Each step reduces (or at least does not increase) the radius of the sphere involved, so you can declare convergence when the radius stops decreasing. 每个步骤减少（或至少不增加）所涉及球体的半径，因此您可以在半径停止减小时声明收敛。

In fact, I would iterate from multiple random starts, each start produced by finding the smallest sphere that contains all of a small subset of points. 事实上，我将从多个随机开始迭代，每次开始通过找到包含所有一小部分点的最小球体而产生。 I note that if you have 10 outliers, and you divide your set of points into 11 parts, at least one of those parts will not have any outliers. 我注意到，如果你有10个异常值，并且你将你的点集分成11个部分，那么这些部分中至少有一个不会有任何异常值。
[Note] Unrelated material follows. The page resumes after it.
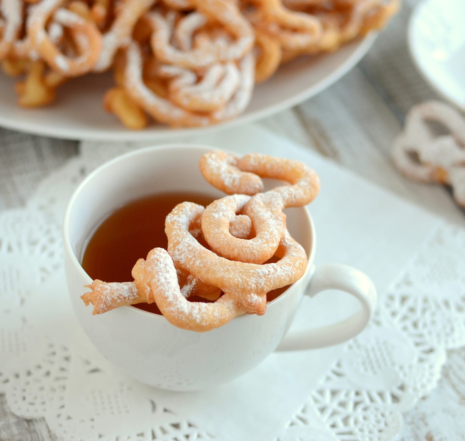 Ciasto przekładamy np. do butelki z małym otworem. Ja posłużyłam się szprycą z końcówką do nabijania pączków. Ciasto lejemy na rozgrzany olej tworząc wzory. Smażymy z obu stron na rumiano na średnim ogniu. Odsączamy na papierowych ręcznikach. Po usmażeniu oprószamy cukrem pudrem.

(This is very loosely based on https://en.wikipedia.org/wiki/Random_sample_consensus ) （这非常基于https://en.wikipedia.org/wiki/Random_sample_consensus ）

Find the Euclidean minimum spanning tree, and check the edges in descending order of length. 找到欧几里得最小生成树，并按长度的降序检查边缘。 For each edge, consider the sets of points points in the two connected trees you get by deleting the edge. 对于每条边，考虑通过删除边获得的两个连接树中的点集。

If the smaller set of points is less that 5% of the total, and the bounding sphere around the larger set of points doesn't overlap it, then delete the smaller set of points. 如果较小的点集小于总数的5％，并且较大的点集周围的边界球不与其重叠，则删除较小的点集。 (This condition is necessary in case you have an 'oasis' of empty space in the center of your point cloud). （如果您的点云中心有一个空间“绿洲”），则必须满足此条件。

Repeat this until you hit your threshold or the lengths are getting 'small enough' that you don't care to delete them. 重复此操作，直到达到阈值或长度变得“足够小”而不必删除它们。